• **SOURCE DATA**
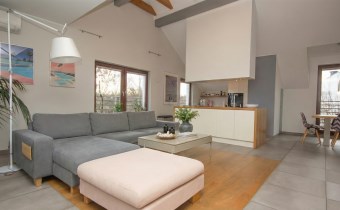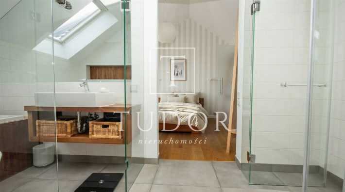 Lokal wykończony w bardzo wysokim standardzie. Wysokie sufity sprawiają wrażenie dużej przestronności a kominek w centralnej części dodaje uroku i ciepła domowego. W mieszkaniu wydzielona strefa Master - z własną łazienką i garderobą. Dodatkowo nad sypialnią zaprojektowaną schowek. W garażu wykonano pawlacz na przechowywanie sprzętu sportowego.
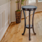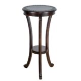 Item Dimension: 17.5″X17.5″X36″; Birchwood; Color: Brown; Assembly Required; Smooth Finish; Carved design; Shelf space 9Wx9Dx2″H; Legs 2Wx1.5Dx12.5″H
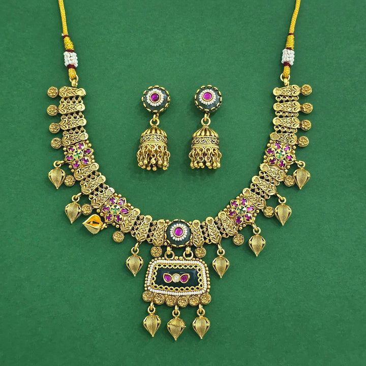 Weight: 81.0 Grams, Earring Height = 44 mm || Width = 18 mm,Regular Size And Adjustable,Elegant Look,Gold Plating,Antique Necklace Set
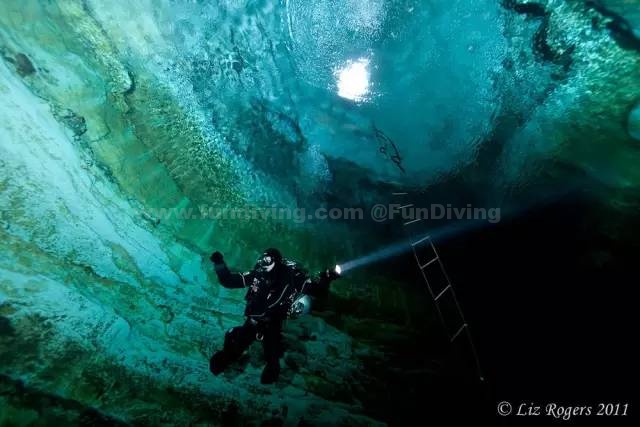 此处的水异常清澈,潜水者甚至看起来像是漂浮在空中而非水中。这片水域有着古老历史,蕴藏着许多化石,但是水下通道繁多,像迷宫一样,因而增加了其危险程度。
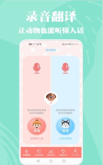 猫狗动物交流器是一款专为宠物爱好者设计的安卓应用,致力于搭建人类与宠物之间的沟通桥梁。通过创新的语音识别技术和丰富的互动功能,这款软件让您能够轻松解读爱宠的情绪和需求,无论是猫咪的慵懒叫声还是狗狗的兴奋吠叫,都能转化为清晰易懂的语言。简洁直观的界面设计让操作变得简单流畅,即使是新手也能快速掌握。无论您是想了解宠物的心情,还是希望增加日常互动的趣味性,猫狗动物交流器都能为您提供贴心而高效的解决方案,让您与爱宠的关系更加亲密无间。

• **ASSIGNMENT**
In your answer, copy exactly the lines running from the line with "此处的水异常清澈,潜水者甚至" to the end of the material above, both included, and omit all pictures.

• **RESULT FOR THIS TASK**
 此处的水异常清澈,潜水者甚至看起来像是漂浮在空中而非水中。这片水域有着古老历史,蕴藏着许多化石,但是水下通道繁多,像迷宫一样,因而增加了其危险程度。
 猫狗动物交流器是一款专为宠物爱好者设计的安卓应用,致力于搭建人类与宠物之间的沟通桥梁。通过创新的语音识别技术和丰富的互动功能,这款软件让您能够轻松解读爱宠的情绪和需求,无论是猫咪的慵懒叫声还是狗狗的兴奋吠叫,都能转化为清晰易懂的语言。简洁直观的界面设计让操作变得简单流畅,即使是新手也能快速掌握。无论您是想了解宠物的心情,还是希望增加日常互动的趣味性,猫狗动物交流器都能为您提供贴心而高效的解决方案,让您与爱宠的关系更加亲密无间。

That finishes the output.